Saychai Phanthavong

Saychai Phanthavong : bâtir un avenir plus vert

Projet associé

Rédactrice pour le magazine Lines, la jeune diplômée en architecture a rejoint en 2020 le projet Mekong Info durable pour lequel elle a produit sa première vidéo sur des approches agricoles innovantes dans le nord du Laos. Portrait réalisé par Éléonore Sok.

 

"Ce n’est pas seulement aux journalistes d’informer le public, je pense que c’est le rôle de tout le monde", juge Saychai Phanthavong.

Avec son groupe de volontaires, cette jeune laotienne de 26 ans s’est rendue dans le Xiangkhouang, province septentrionale de hauts-plateaux où l’agriculture est reine. "Nous avons rencontré des producteurs qui expérimentent la rotation des cultures", retrace la stagiaire à l’air sage, lunettes rondes et longs cheveux qu’elle glisse derrière l’oreille.
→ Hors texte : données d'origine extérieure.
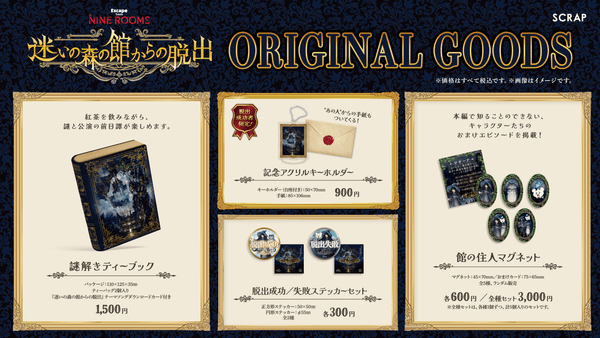 リアル脱出ゲームを企画運営する株式会社SCRAP(所在地:東京都渋谷区、代表者:加藤隆生)は、2023年10月29日(日)より「TOKYO MYSTERY CIRCUS(以下、東京ミステリーサーカス)」にて開催する新作リアル脱出ゲーム Escape from The NINE ROOMS『迷いの森の館からの脱出』のオリジナルグッズを公開いたします。【特設サイト: https://mysterycircus.jp/s/9magic/】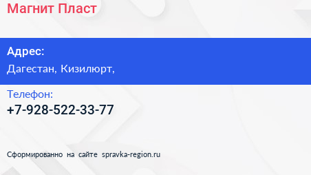 Магнит Пласт по адресу Дагестан, Кизилюрт, в дальнейшем Организация, размещена в следующих категориях: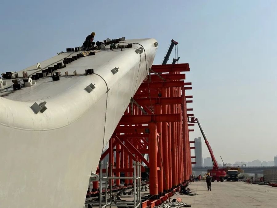 本次彩虹桥主桥钢箱梁顶推施工的顺利完成,为后续主桥钢箱拱、桥面系的施工奠定了坚实基础,在实现彩虹桥全线贯通的道路上迈出了坚实一步。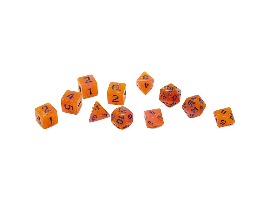 Krásný set 11 kostek (2-d20, 1-d12, 2-d10, 1-d8, 4-d6, 1-d4) pro hru Dungeons & Dragons.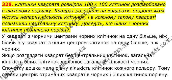 328. Клітинки квадрата розміром 100 х 100 клітинок розфарбовано в шаховому порядку. Квадрат розрізали на квадрати, сторони яких містять непарну кількість клітинок, і в кожному такому квадраті позначили центральну клітинку. Доведіть, що білих і чорних клітинок позначено порівну. У квадраті з чорними центрами чорних клітинок на одну більше, ніж білих, а у квадраті з білим центром клітинок на одну більше, ніж чорних. Якщо розглядати квадрат без центральних клітинок, загальна кількість білих клітинок дорівнює загальній кількості чорних. Спочатку дошка мала рівну кількість клітинок кожного кольору. Тому середи центрів отриманих квадратів чорних і білих клітинок порівну.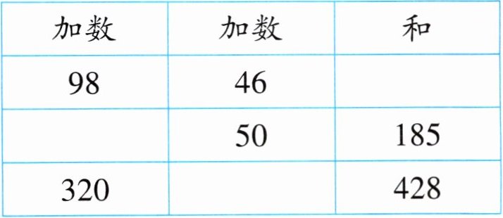 1. 根据下面的加法算式写出另外1个加法算式和2个减法算式。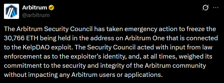 Arbitrum’s Security Council moved fast this week, freezing 30,766 ETH, roughly $71 million, tied to the KelpDAO exploit. The funds were pushed into an intermediary wallet that can only be touched through further governance action, effectively pulling them out of the attacker’s reach.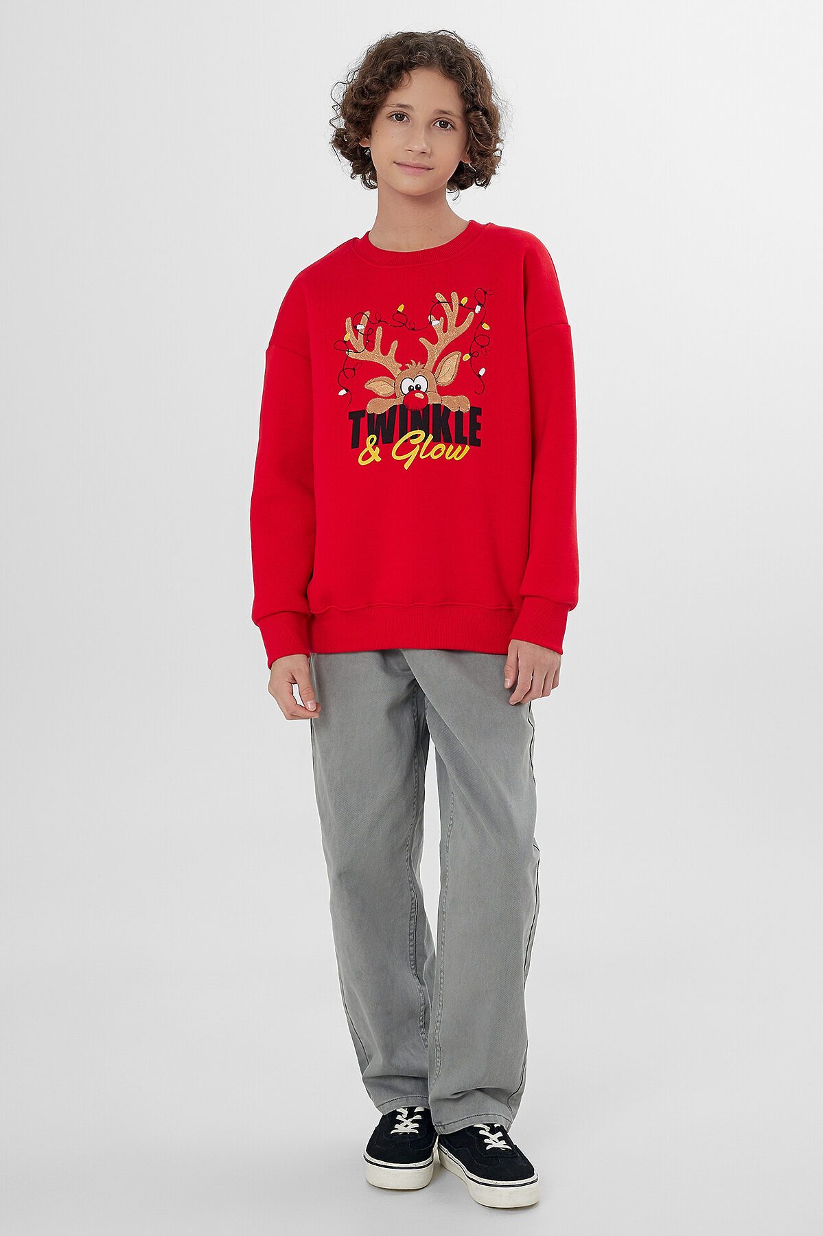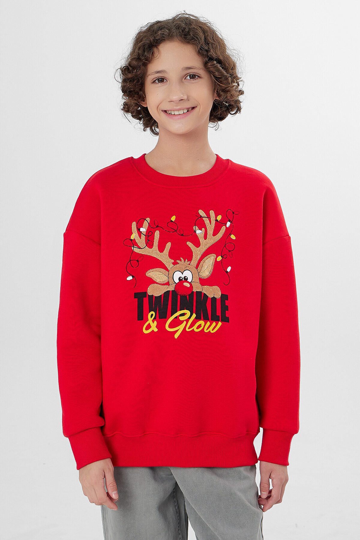 Яркий тематический принт и жизнерадостная надпись поднимут настроение в преддверии праздников. Состав с добавлением полиэстера делает свитшот практичным и износостойким для активных зимних игр. Этот свитшот станет любимой вещью для зимних прогулок, утренников и домашних праздников, даря мальчику ощущение волшебства и уюта на протяжении всего праздничного сезона.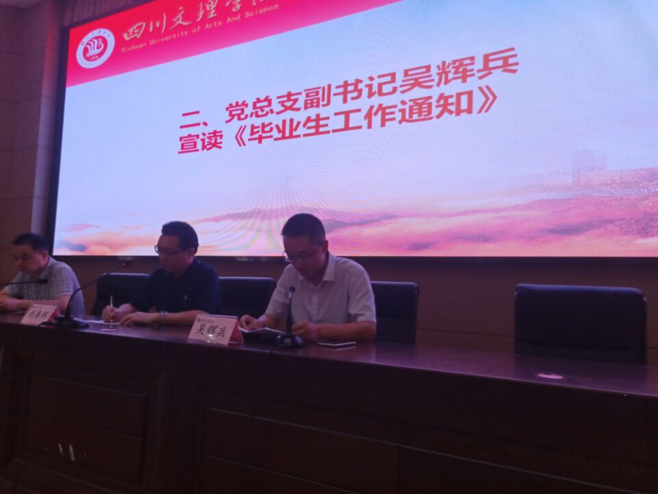 党总支副书记吴辉兵宣读《学院关于组建2019届毕业生毕业工作小组的通知》和《关于组建2019届“毕业生文明离校学党员(干部)服务队”的通知》,并对毕业生工作和离校工作等相关工作进行说明。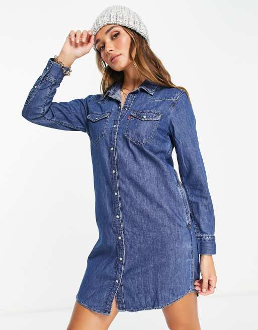 Levi's - The Ultimate - Denim western overhemdjurk in middenblauw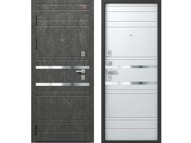 Входная дверь Центурион С-109 Серый муар+серый камень-Софт белый 2023/2024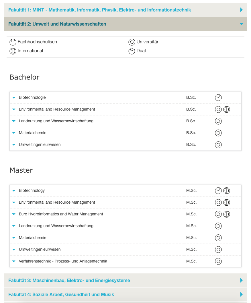 - Neugestaltung der Ausgabe von Kontaktübersichten für Studiengänge, unter https://www.b-tu.de/studierende/studierendenservice/ansprechpartnerinnen#c183057 (generiert aus Studiengangsdatenbank)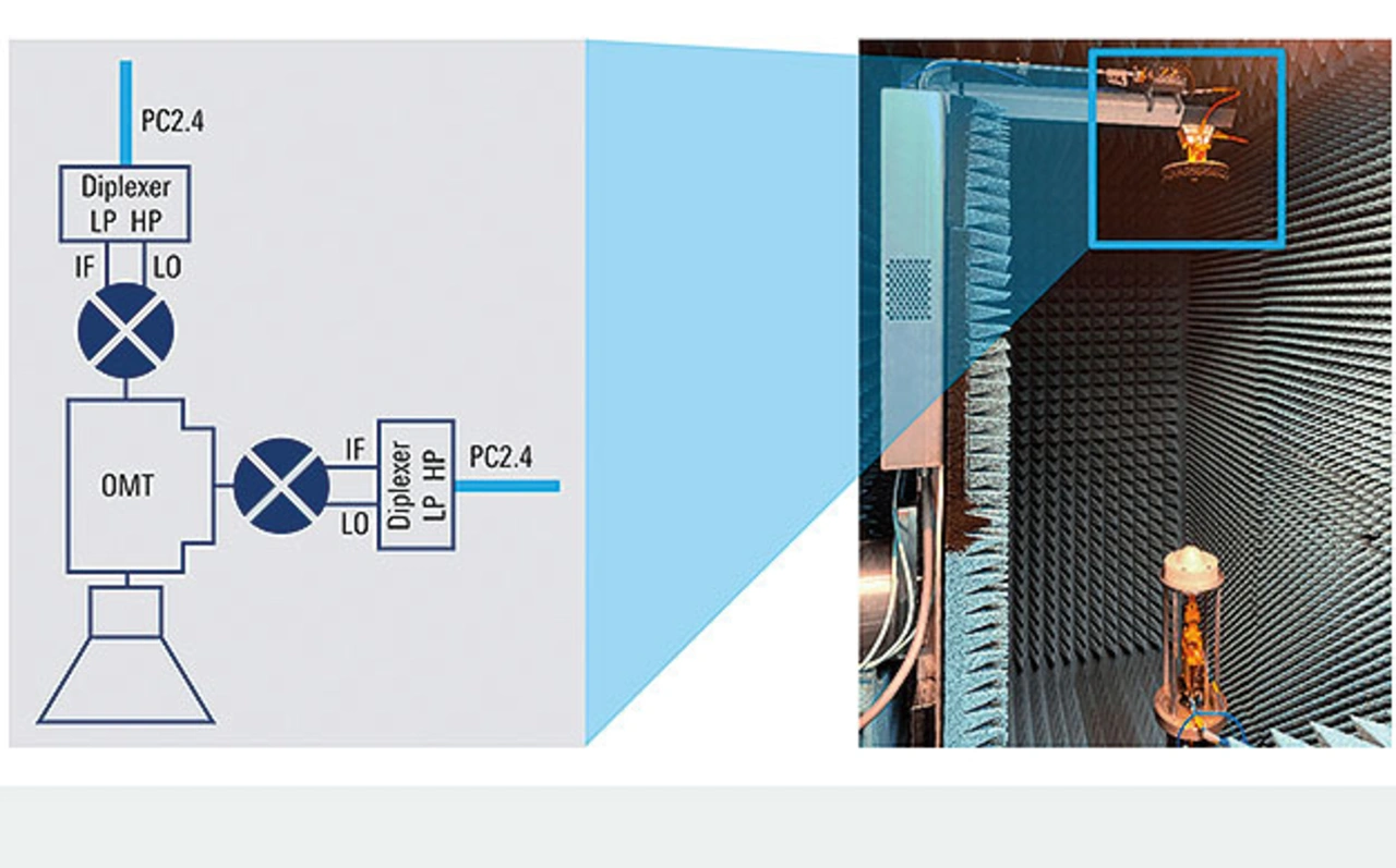 Das Blockdiagramm in Bild 5 stellt das Konzept der Messsonde dar. Ein Orthomode Transducer (OMT) ist an eine quadratische 20-dBi-Hornantenne angeschlossen, die eine 3-dB-Strahlbreite von 16° und eine Kreuzpolarisationsisolation von 25 dB über den gesamten D-Band-Frequenzbereich aufweist. Die Anordnung arbeitet reziprok und kann zwei orthogonal polarisierte Felder senden/empfangen, wenn der Prüfling auf Empfangen (RX) bzw. Senden (TX) eingestellt ist. Die Ab- oder Aufwärtskonvertierung erfolgt direkt an der Sonde, wodurch Kabelverluste bei HF-Frequenzen ausgeschlossen werden. Beide Polarisationen können gleichzeitig gemessen werden.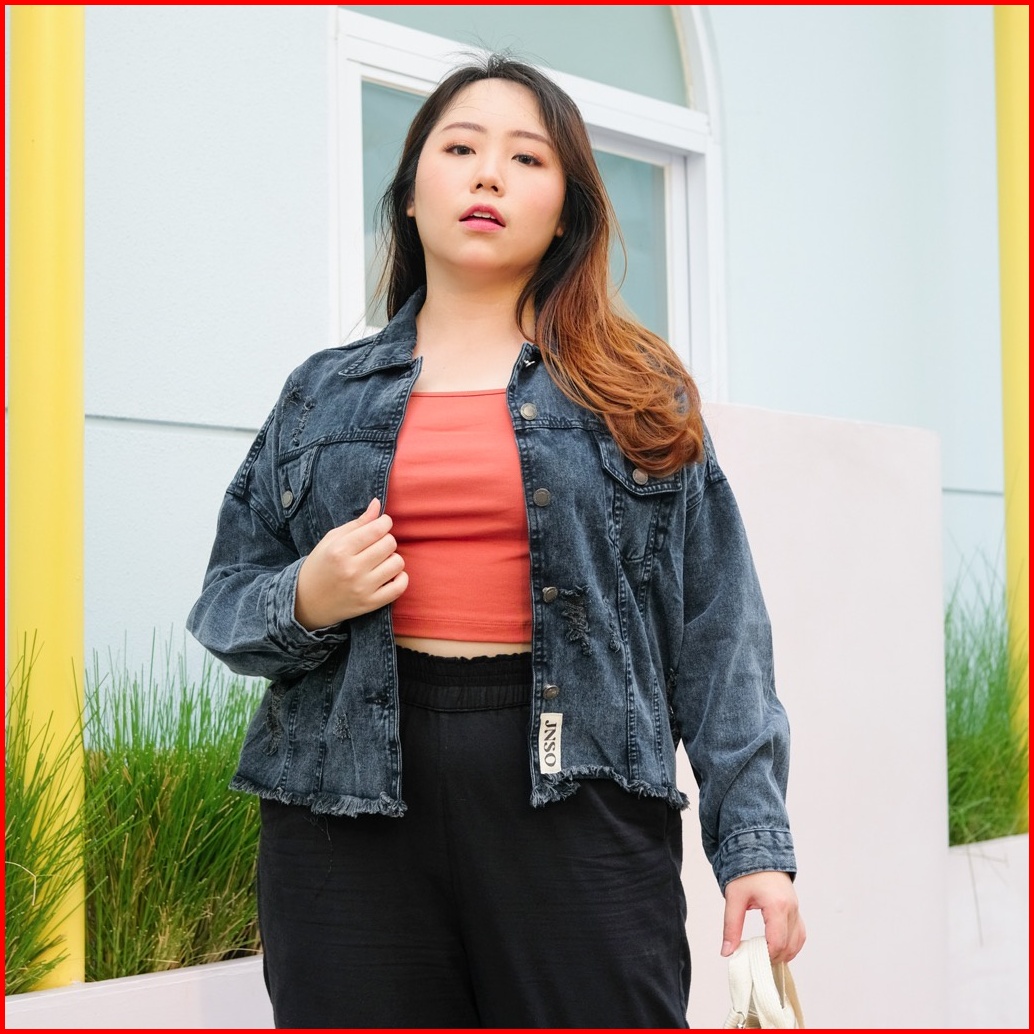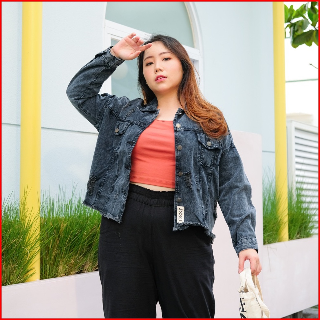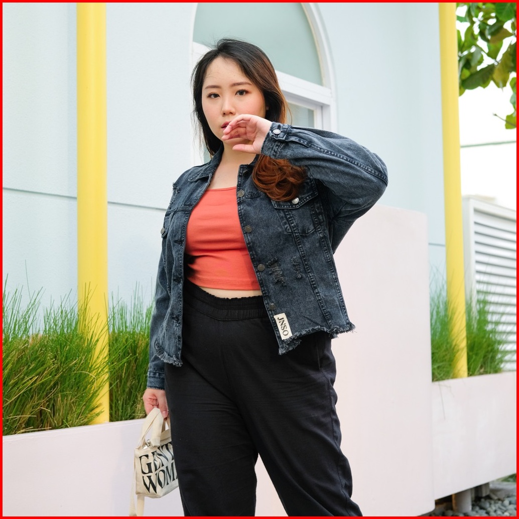 Jiniso Big Size Ripped Jaket Jeans Oversize Vintage Black Acid

"La première saison, ils plantent du maïs, puis la seconde, ils alternent avec des haricots. Cela permet de renouveler les sols, limite le déboisement de nouvelles parcelles et ces récoltes biologiques sont vendues à un meilleur prix, tout le monde est gagnant ! ", s'exclame-t-elle.

Dans un court reportage, sa toute première vidéo, Saychai interviewe des producteurs, un acheteur chinois amateur de produits laotiens réputés plus naturels que dans l’Empire du milieu et capte la majesté des vertes collines environnantes. "C’était génial de découvrir le monde rural de l’intérieur et pas qu’en simple touriste.

J’ai été touchée par la connexion des villageois avec la nature et j’ai davantage pris conscience de l’urgence écologique", rapporte la jeune femme, curieuse et volontaire. "La vidéo est un format dont les jeunes laotiens sont friands, j’ai donc envie de continuer à apprendre, pour créer mes propres contenus, où je mettrais en avant les sujets qui me tiennent à cœur".

De fervente lectrice à contributrice

Issue d’une famille d’enseignants, Saychai a été à bonne école. "Mes parents m’ont encouragée à lire très jeune et ils me soutiennent dans tout ce que j’entreprends", confie-t-elle. Aimant écrire et dessiner, sensible à l’art, douée en maths, elle s’est orientée vers l’architecture qui lui permettait de combiner ses centres d’intérêts. Diplômée de l’Université nationale en 2017, elle a mis un pied dans le monde des médias dès 2016.

"Ici, on consomme beaucoup de produits culturels thaïlandais, car on peut lire le thaï et le marché local est bien moins développé. Moi-même, je me procurais toutes les revues d’architecture thaï que je trouvais. Alors, lorsque j’ai découvert Lines, un magazine d’architecture local, j’ai eu envie de faire partie de l’aventure ! ", raconte-t-elle.

Saychai devient contributrice en parallèle de ses études : elle rédige des éditos, écrit sur des monuments, s’intéresse à l’aménagement urbain. "Pour moi, l’architecture et le design servent avant tout à répondre à des problèmes. En passant du temps à la campagne, je me suis demandée comment développer des habitations avec des matériaux modernes adaptés à leur milieu et respectueux des normes environnementales", partage celle qui voue un culte au japonais Tadao Ando, le père de l’architecture minimaliste.

Elle se dit aussi inspirée par Hongkad Souvannavong, figure de l’architecture moderne laotienne et grand esthète, concepteur d’instruments de musique et de polices de texte. À son image, Saychai est aussi une touche-à-tout. Elle joue de la guitare et s’est lancée dans la confection de meubles en bois.

"Mon rêve serait de créer un jour mon bureau d’architecture où les médias auront une belle place", conclut-elle. On le lui souhaite.